The script is by Brian Clemens, and in very Clemens style he layers eccentric characters over a plot that is ahead of its time.

The story opens with a couple of unfortunates breaking in to a house decorated in an Arabian style. Finding a “magic lamp”, one of them gives it a jokey rub and – alakazam – a genie appears, a genie with a machine gun to be precise, and shoots both men.

One dies, the other makes it to Steed and Peel’s place, barely alive. They’re just back from an all-night party and are behaving as if they’ve had a very fun night out, only to be confronted by a dying man whose parting words are “Genie” (though Steed and Peel hear “Jeanie”) and “Honey”.

The plot is set, and off the two go, Steed to the dead man’s house, where Patrick Macnee’s stunt double has a fight with the “Genie”, Mrs Peel to a honey seller’s shop, run by one Mr B Bumble, a Clemens eccentric dressed in striped bumblebee jumper and an apiarist’s veil.

The trail leads on, to Hopkirk, one of those bumptious moustachioed Brits who seemed to run everything back then, and played by the madly over-the-top Ron Moody.

He is the proud owner of a company called Quite Quite Fantastic, an outfit that designs and fulfils people’s dreams. This is the sort of idea usually ascribed to “visionary” authors (Philip K Dick was writing the similarly themed We Can Remember It for You Wholesale – which eventually became the film Total Recall – when this episode aired; Michael Crichton’s Westworld was still seven years in the future).

Of course the genie is all part of someone’s fantasy, and en route to the finale we also meet a cowboy, Napoleon Bonaparte and a mountaineer, all elements of other fantasies.

But these are all Clemens digressions/filler (take your pick). What the plot is really about is the putative assassination of an Arabian prince (Zia Moyheddin), which allows Clemens and production team to get every single cliché concerning the region out into the open – harems, sheep’s’ eyes, viziers, effendis, black factotums stripped to the waist, a multiplicity of wives and, eventually, the dance of the seven veils, as performed by Mrs Peel. A dance of six veils only, Steed informs the prince – who has a passion for cricket and is more English than the English – because Mrs Peel is “retarded”.

Prince Ali defends his wicket
Prince Ali defends his wicket

If you’re after an episode in which Diana Rigg is used more for her body than her brain, this is the one to go for – her physical charms are very much in evidence, though Clemens also works in an evil mastermind (George Pastell as Arkadi) who amusingly spends the entire show running his murderous business while being massaged by the splendidly gorgeous Carmen Dene, who also feeds him grapes.

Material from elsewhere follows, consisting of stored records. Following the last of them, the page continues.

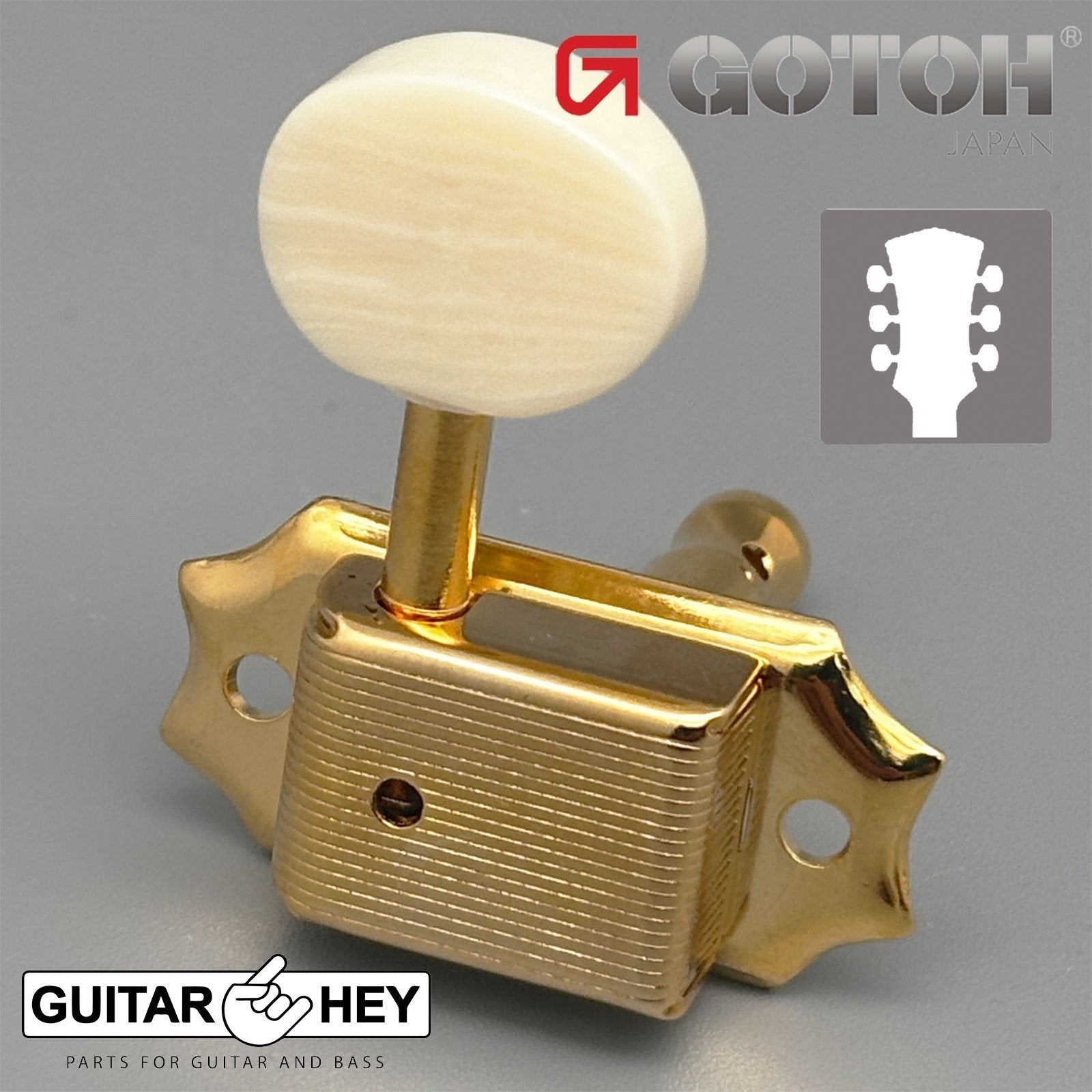 NEW Gotoh SD90-M5 Tuners Tuning Vintage Keys Set L3+R3 IVORY Buttons 3x3 - GOLD
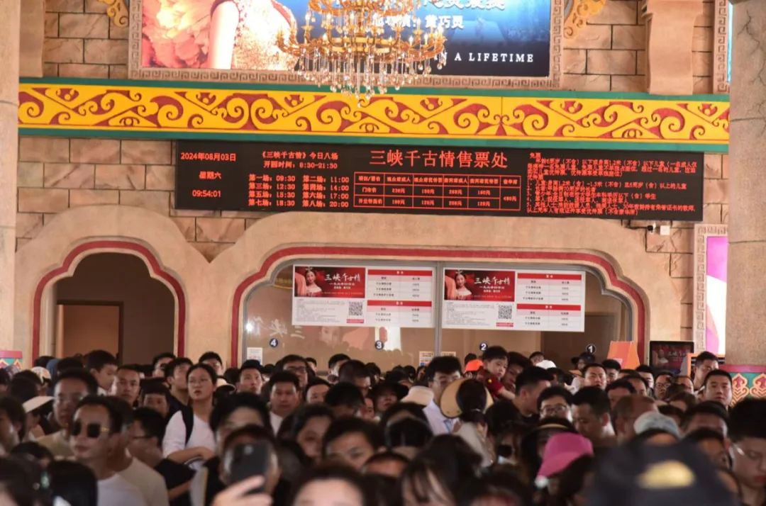 三峽千古情一個(gè)景區(qū)帶火一座城。8月3日,大型歌舞《三峽千古情》一天連演8場(chǎng),創(chuàng)湖北大型旅游演藝全新紀(jì)錄。三峽千古情景區(qū)熱度不斷狂飆,在多個(gè)熱門榜單中位居第一,成為湖北旅游熱門目的地,撬動(dòng)宜昌光速出圈、火爆全國(guó)。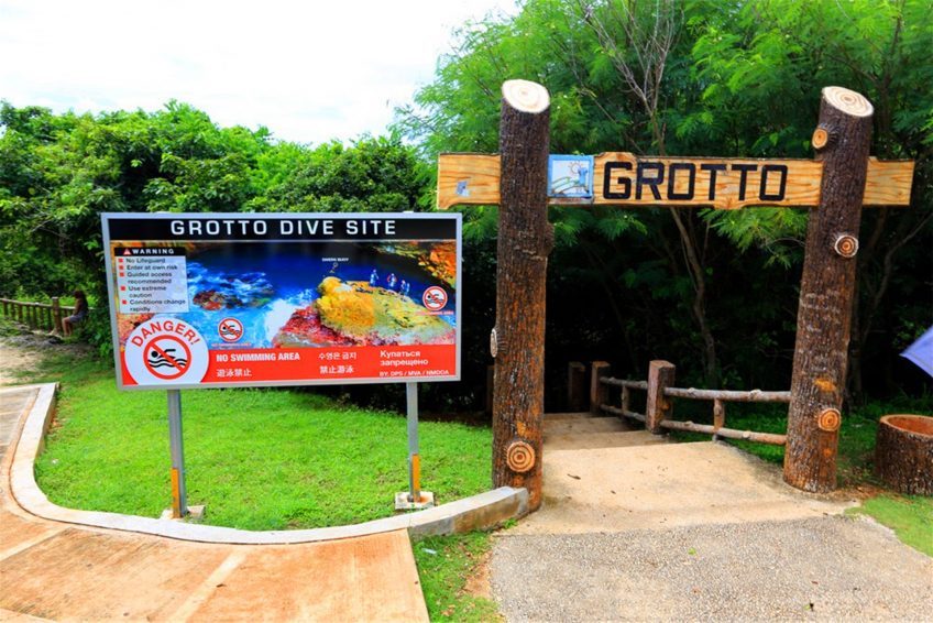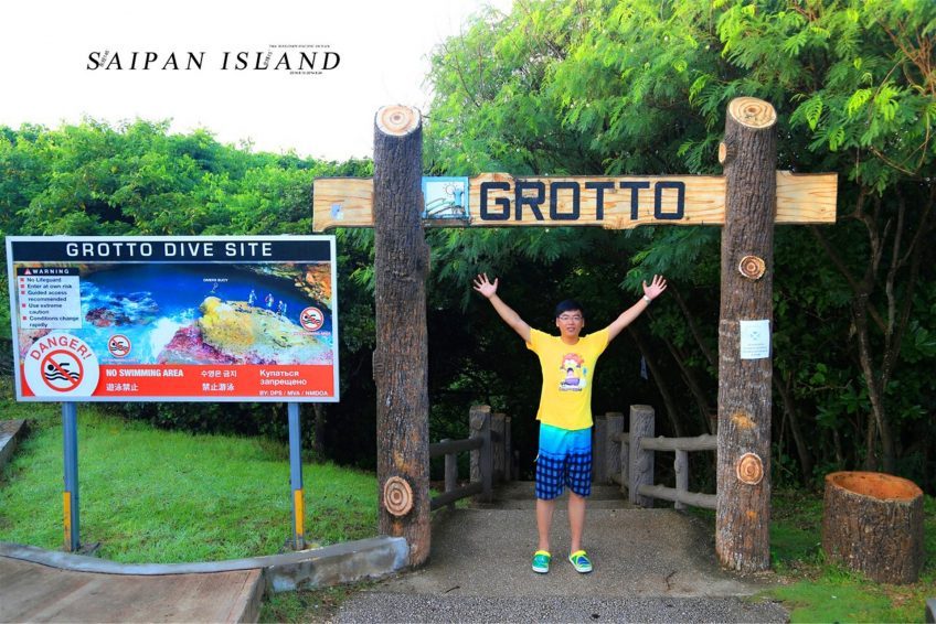 藍洞(The Grotto)位於塞班島的東北角,是與太平洋相連的天然洞穴,被《潛水人》雜誌評為世界第二的洞穴潛水點。藍洞外觀看起來像張開嘴的海豚,內部是因為海水的侵蝕作用而形成的天然洞穴。裡面有兩個天然的游泳場,通過海底通道連接外部海洋,對於那些資深的深海潛水者來說,這將是一次無以倫比的潛水體驗。
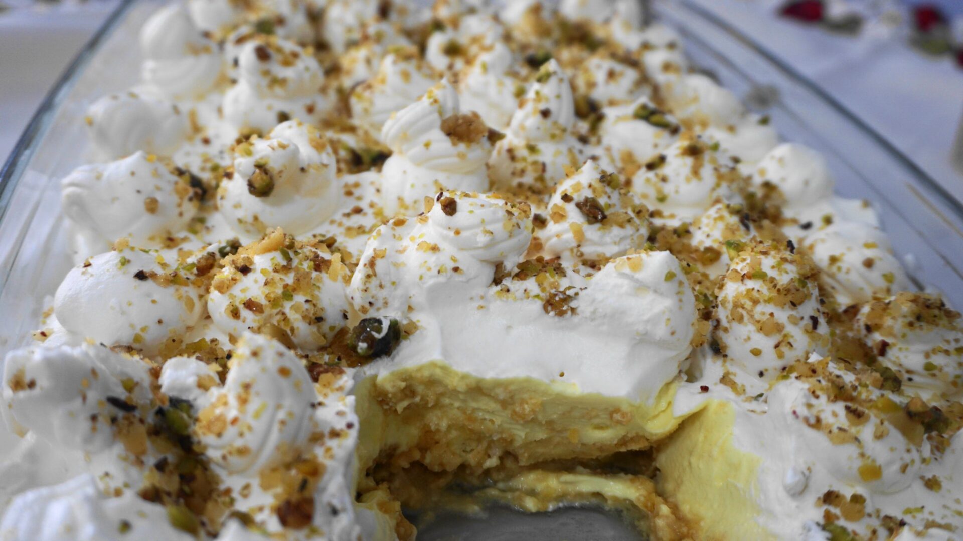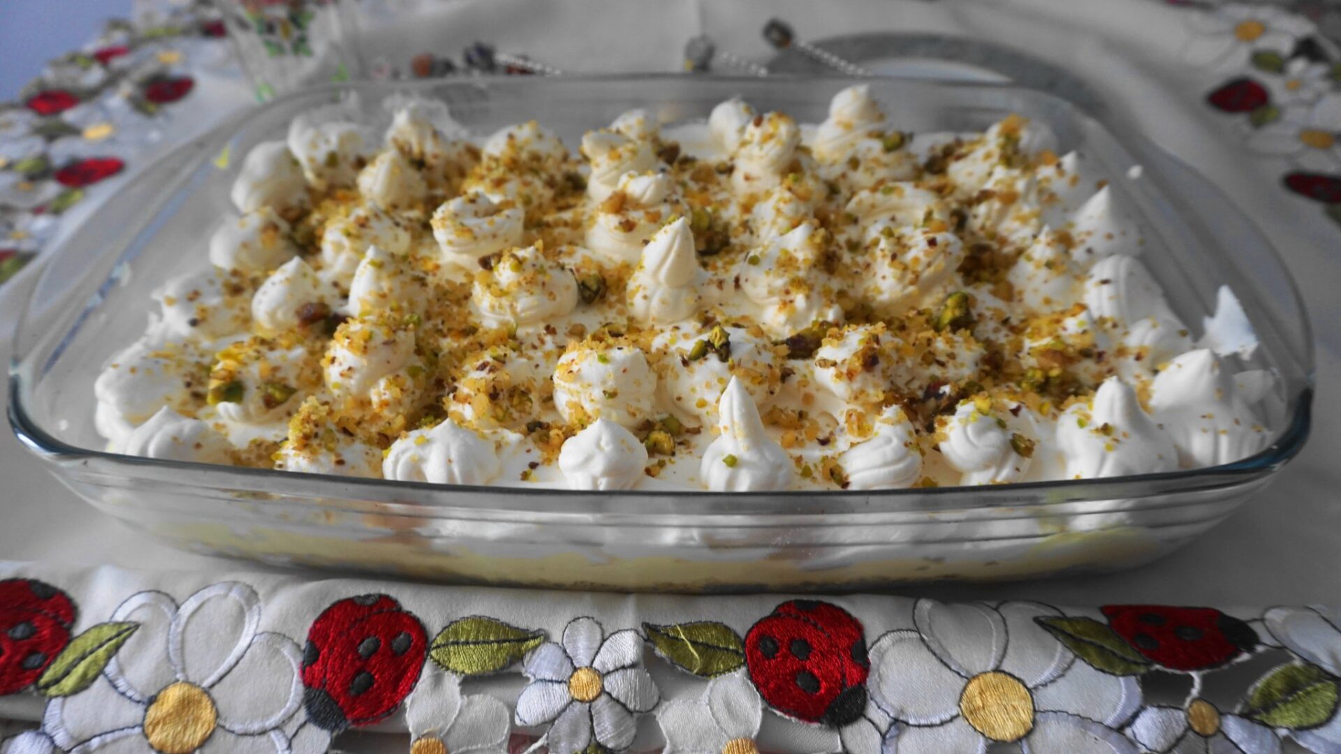 Στη συνέχεια στρώνουμε τη μισή σαντιγύ πάνω από την κρέμα. Μεταφέρουμε την υπόλοιπη σαντιγύ σε κορνέ. Κάνουμε ροζέτες ή σχεδιάκια. Αν δεν έχουμε κορνέ χρησιμοποιούμε ένα κουτάλι ή ένα πιρούνι για να δώσουμε κυματισμούς ή σχέδια στην επιφάνεια.

Tongues are very firmly in cheek, accusations of crass sexism thereby defused, or that’s the idea. There is a go-for-broke sense of knockabout that’s hard to resist and some nice one-liners – “We don’t want to offend the effendi,” quips Steed at one point. And Moody’s Mr Hopkirk suggesting that Steed might want to, in a bit of fantasy role play, become a secret agent – “licensed to kill and all that” – is a nice bit of meta-jokery too.

A satisfying end to the last series in black and white.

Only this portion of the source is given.